Here are the first few rows for our data after feature selection:

left work_accident promotion_last_5years salary satisfaction_level_new last_evaluation_new number_project_new average_monthly_hours_new time_spend_company_new
0 0 0 low (0.48, 0.9193878] (0.57, 0.8] (-Inf, 4] (164, 215] (3, Inf)
1 0 0 low (0.48, 0.9193878] (0.8, Inf) (4, Inf) (215, 290] (3, Inf)
0 0 0 medium (0.48, 0.9193878] (0.8, Inf) (4, Inf) (215, 290] (-Inf, 3]
1 0 0 medium (-Inf, 0.48] (0.42, 0.57] (4, Inf) (215, 290] (3, Inf)
0 0 0 low (0.48, 0.9193878] (0.42, 0.57] (-Inf, 4] (215, 290] (3, Inf)
0 1 0 high (0.48, 0.9193878] (0.8, Inf) (-Inf, 4] (164, 215] (-Inf, 3]

Now, we perform transformations on another data that will be used later to compare models performance.

data4_trans <- safely_transform_data(safe_extractor, data4, verbose = FALSE)
data4_trans_sel <- data4_trans[,c("left", selected_variables)]

Creating white-box models on original and transformed datasets

Let’s fit the models to data containing newly created columns.

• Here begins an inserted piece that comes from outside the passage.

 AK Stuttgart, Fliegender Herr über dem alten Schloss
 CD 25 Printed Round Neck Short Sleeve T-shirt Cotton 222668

We consider a generalized linear model (glm) as a white-box model.

model_lr2 <- glm(left ~ ., data = data3_trans_sel, family = binomial())
set.seed(111)
model_xgb2 <- gbm(left ~ ., data = data3_trans_sel, distribution = "bernoulli", n.trees = n.trees)

Moreover, we create a glm model based on original data in order to check if our methodology improves results.

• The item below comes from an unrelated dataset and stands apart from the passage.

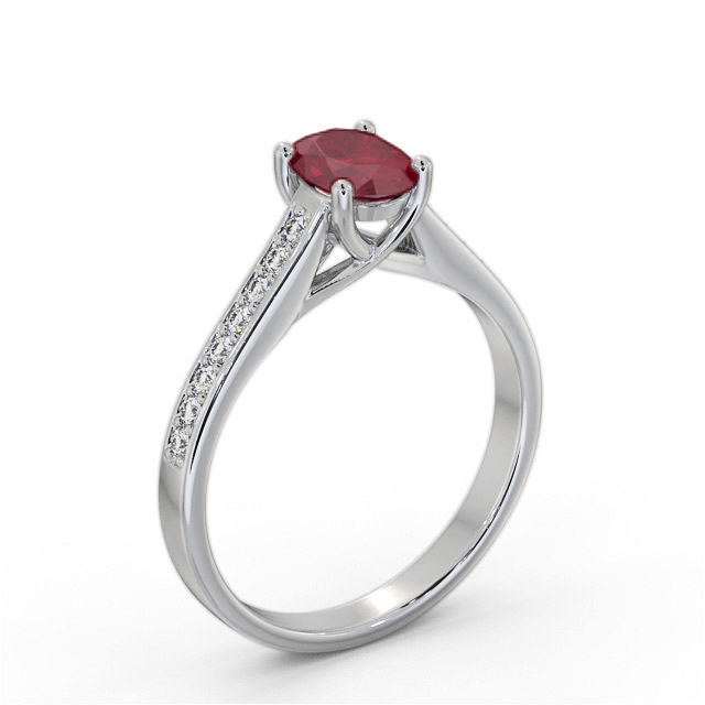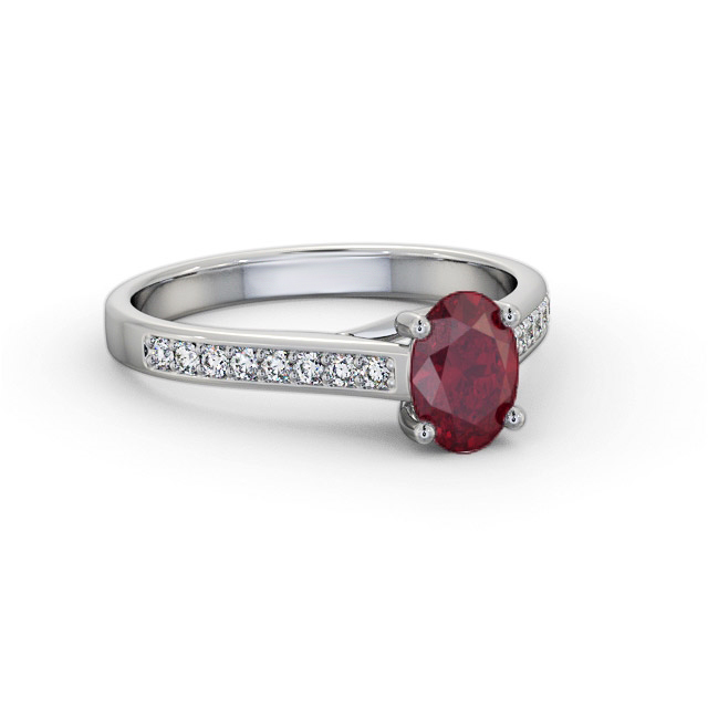 Harben solitaire ruby and diamond 1.15ct ring in 18K White Gold. Ring with a single 1.00ct Oval shaped ruby with a channel of small round shaped diamonds along either side of the band totaling 0.15ct in diamond weight. This ring is available in a variety of metal types and your choice of natural or lab grown gems. We provide a free design service for any special modifications that you may require.
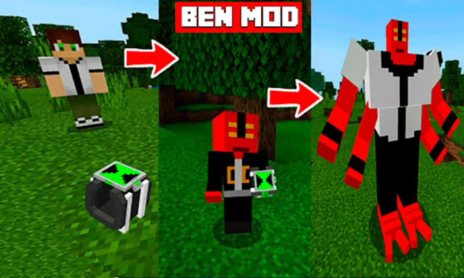 After downloading Ben Craft, you are not mistaken in the way of dealing with enemies in survival. Thanks to this mods for mcpe, Ben can fight the villains and monsters of the universe.

model_lr1 <- glm(left ~ ., data = data1, family = binomial())

Comparing models performance

Final step is the comparison of all four models we have created. For each of them we make predictions on the relevant test set, i.e. we use model_lr1 and model_xgb1 to predict the output for data2 and model_lr2 and model_xgb2 to predict the output for data4.

pred_lr1 <- round(predict(model_lr1, data2, type = "response"))
pred_xgb1 <- round(predict(model_xgb1, data2, n.trees = n.trees, type = "response"))
pred_lr2 <- round(predict(model_lr2, data4_trans_sel, type = "response"))
pred_xgb2 <- round(predict(model_xgb2, data4_trans_sel, n.trees = n.trees, type = "response"))

The performance of the models may then be evaluated based on confusion matrices with relative percentages obtained via the confusion_matrix function:

confusion_matrix <- function(y_true, y_pred) {
  cm <- data.frame(pred_0 = c(sum(y_true==0 & y_pred==0)/sum(y_true==0),
                              sum(y_true==1 & y_pred==0)/sum(y_true==1)),
                   pred_1 = c(sum(y_true==0 & y_pred==1)/sum(y_true==0),
                              sum(y_true==1 & y_pred==1)/sum(y_true==1)))
  cm <- apply(cm, MARGIN = 2, function(x) round(x, 2))
  rownames(cm) <- c("actual_0", "actual_1")
  cm
}

GBM models give the following results:

  • for the original data:
  predicted 0 predicted 1
actual 0 0.97 0.03
actual 1 0.09 0.91
  • for the data with rSAFE transformations applied:
  predicted 0 predicted 1
actual 0 0.93 0.07
actual 1 0.27 0.73

The model trained on original data has higher predictive power - feature transformations have caused the loss of valuable information which was apparently used by the first model. However, within logistic regression models the significant improvement can be observed:

  • for the original data:
  predicted 0 predicted 1
actual 0 0.92 0.08
actual 1 0.63 0.37
  • for the data with rSAFE transformations applied:
  predicted 0 predicted 1
actual 0 0.93 0.07
actual 1 0.27 0.73

The initial logistic regression model has difficulties with “true negatives” - for employees that actually quit it very often predicts the opposite. On the other hand, model_lr2 which was trained on the set of features modified by the SAFE algorithm has much better accuracy.